> Task instructions
Leave the images out and repeat the data exactly as given.

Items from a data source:
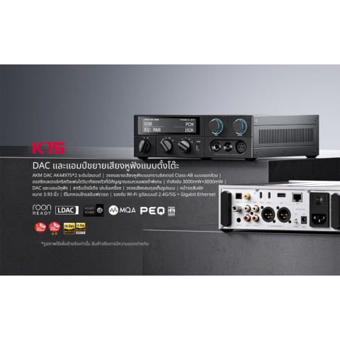 ยกระดับชุดฟังบนโต๊ะทำงานให้ “ครบจบในเครื่องเดียว” ด้วย FiiO K15 DAC/AMP ตั้งโต๊ะระดับไฮเอนด์ ที่รวมพลังของชิป AKM AK4497S แบบคู่ (x2) พร้อมเทคโนโลยี VELVET SOUND ให้โทนเสียงเป็นธรรมชาติ รายละเอียดชัด เวทีเสียงโปร่ง และบิดเบือนต่ำ ตอบโจทย์ทั้งสายหูฟังเต็มขนาดและ IEM ด้วยภาคขยาย Class-AB แยกอิสระ กำลังขับสูงถึง 3000mW+3000mW ฟังสนุก หนักแน่น คุมไดรเวอร์ได้มั่นใจ
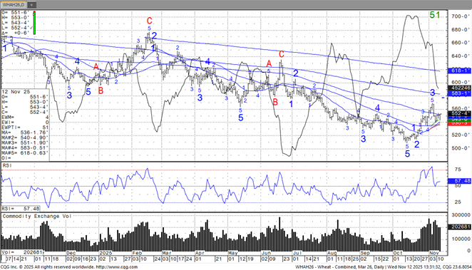 WH is near 5.51. KWH is near 5.41. MWZ is near 5.84. WH has been in a technical uptrend sine Oct low near 5.08 to recent high near 5.68 on increase volume but sharp drop in open interest. For the most part wheat futures have been a follower to higher soybean futures and rumors China was a buyer of US wheat. Argentina and Russia wheat export prices are now below US. Trade est US wheat carryout at 867 mil bu vs 844 in Sep. A bigger number could be World ending wheat stocks est at 266.1 mmt vs 264.0 in Sep and one est near 270.0.
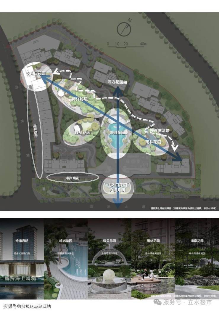 规划两轴一心一带多花园社交空间,将岛屿空间融入景观节点设计与场景串联,实现感性与理性美学的巧妙转化,缔造一座湾芯之上的酒店式度假庄园。
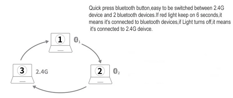 Переключение между Bluetooth 3,0, 4,0 и 2,4 ГГцУмный переключатель между Bluetooth 3,0, 4,0 и 2,4 GHz обеспечивает стабильную беспроводную передачу. Вы все еще можете использовать комбо независимо от нехватки usb-порта или потери приемника.
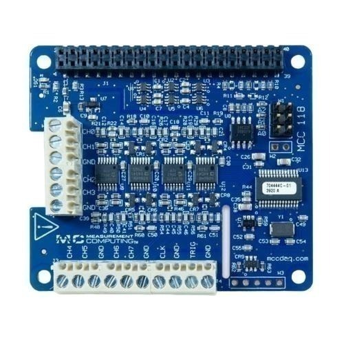 The MCC 118 and MCC 128 DAQ HATs feature eight channels of analog voltage measurement for Raspberry Pi-based data acquisition systems. Each device has a maximum sample rate of 100 kS/s for taking single point or waveform voltage measurements. Up to eight MCC HATs can be stacked onto one Raspberry Pi - providing up to 64 channels of data and a maximum throughput of 320 kS/s.

> Output of the exercise
 ยกระดับชุดฟังบนโต๊ะทำงานให้ “ครบจบในเครื่องเดียว” ด้วย FiiO K15 DAC/AMP ตั้งโต๊ะระดับไฮเอนด์ ที่รวมพลังของชิป AKM AK4497S แบบคู่ (x2) พร้อมเทคโนโลยี VELVET SOUND ให้โทนเสียงเป็นธรรมชาติ รายละเอียดชัด เวทีเสียงโปร่ง และบิดเบือนต่ำ ตอบโจทย์ทั้งสายหูฟังเต็มขนาดและ IEM ด้วยภาคขยาย Class-AB แยกอิสระ กำลังขับสูงถึง 3000mW+3000mW ฟังสนุก หนักแน่น คุมไดรเวอร์ได้มั่นใจ
 WH is near 5.51. KWH is near 5.41. MWZ is near 5.84. WH has been in a technical uptrend sine Oct low near 5.08 to recent high near 5.68 on increase volume but sharp drop in open interest. For the most part wheat futures have been a follower to higher soybean futures and rumors China was a buyer of US wheat. Argentina and Russia wheat export prices are now below US. Trade est US wheat carryout at 867 mil bu vs 844 in Sep. A bigger number could be World ending wheat stocks est at 266.1 mmt vs 264.0 in Sep and one est near 270.0.
 规划两轴一心一带多花园社交空间,将岛屿空间融入景观节点设计与场景串联,实现感性与理性美学的巧妙转化,缔造一座湾芯之上的酒店式度假庄园。
 Переключение между Bluetooth 3,0, 4,0 и 2,4 ГГцУмный переключатель между Bluetooth 3,0, 4,0 и 2,4 GHz обеспечивает стабильную беспроводную передачу. Вы все еще можете использовать комбо независимо от нехватки usb-порта или потери приемника.
 The MCC 118 and MCC 128 DAQ HATs feature eight channels of analog voltage measurement for Raspberry Pi-based data acquisition systems. Each device has a maximum sample rate of 100 kS/s for taking single point or waveform voltage measurements. Up to eight MCC HATs can be stacked onto one Raspberry Pi - providing up to 64 channels of data and a maximum throughput of 320 kS/s.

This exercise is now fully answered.